# how to remove paint from pvc windows



## poppy1 (16 Jan 2008)

Hi All
We are nearly ready to move into our new house we built by direct labour, alot of cleaning to do.  
I tried using white spirits to remove the paint from around the brown pvc windows but no joy!!
Any other suggestions?
Thanks


----------



## secman (16 Jan 2008)

Hi ,
We had the same problem and found the best item was the decorator wipes we sourced in B&Q. But it was still a long pain in the butt slog. Took 3 of us practically a whole day. Good luck, don't envy you. 

Secman


----------



## murphaph (6 Feb 2008)

Nail polish remover wipes. The acetone kind.
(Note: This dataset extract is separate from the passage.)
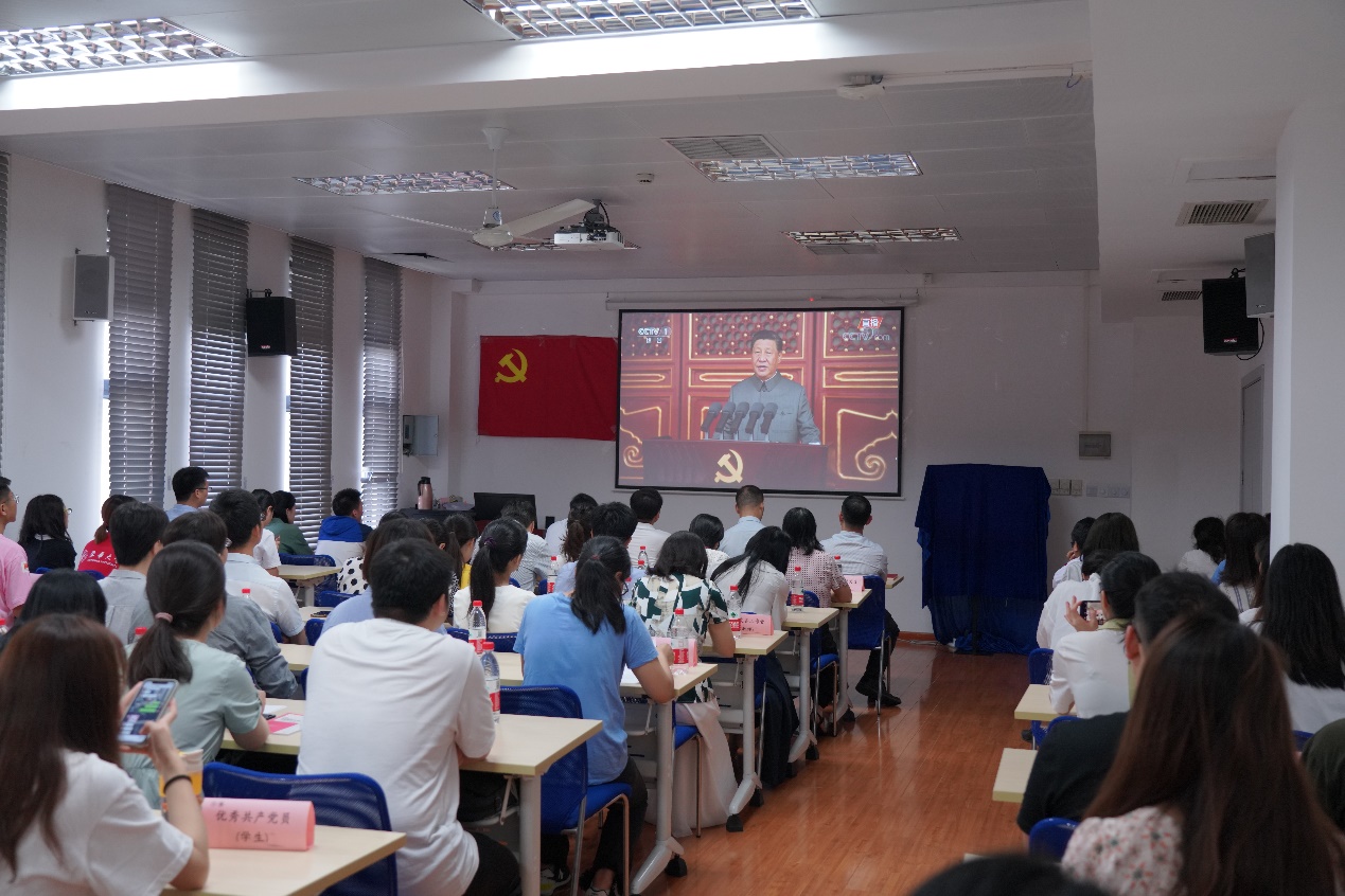 为庆祝中国共产党成立100周年,7月1日,金沙js3833党委组织师生党员集体观看庆祝中国共产党成立100周年大会。认真聆听习近平总书记发表的重要讲话,并举行“示范先锋在基层,百年奋进新征程”金沙js38332021年“两优一先”表彰大会。学院党政领导班子成员出席会议,教师与学生党员代表、“两优一先”表彰对象以及学院2021年新发展党员参加活动。

Funny, I was just doing the very same thing yesterday!


----------



## Megan (6 Feb 2008)

Vinegar is what my window fitter told me to use and it worked.


----------



## Silvergirl (6 Feb 2008)

My next door neighbour used son of a gun for his downpipes and fascia for paint and cement - left them lovely and shiney too - might work for windows?


----------



## poppy1 (7 Feb 2008)

thanks guys 
i found swarfega wipes and they were great, and lots of elbow grease!! must try the vinegar and son of a gun as bought the last pack of wipes in b&q and cant find them since!!!


----------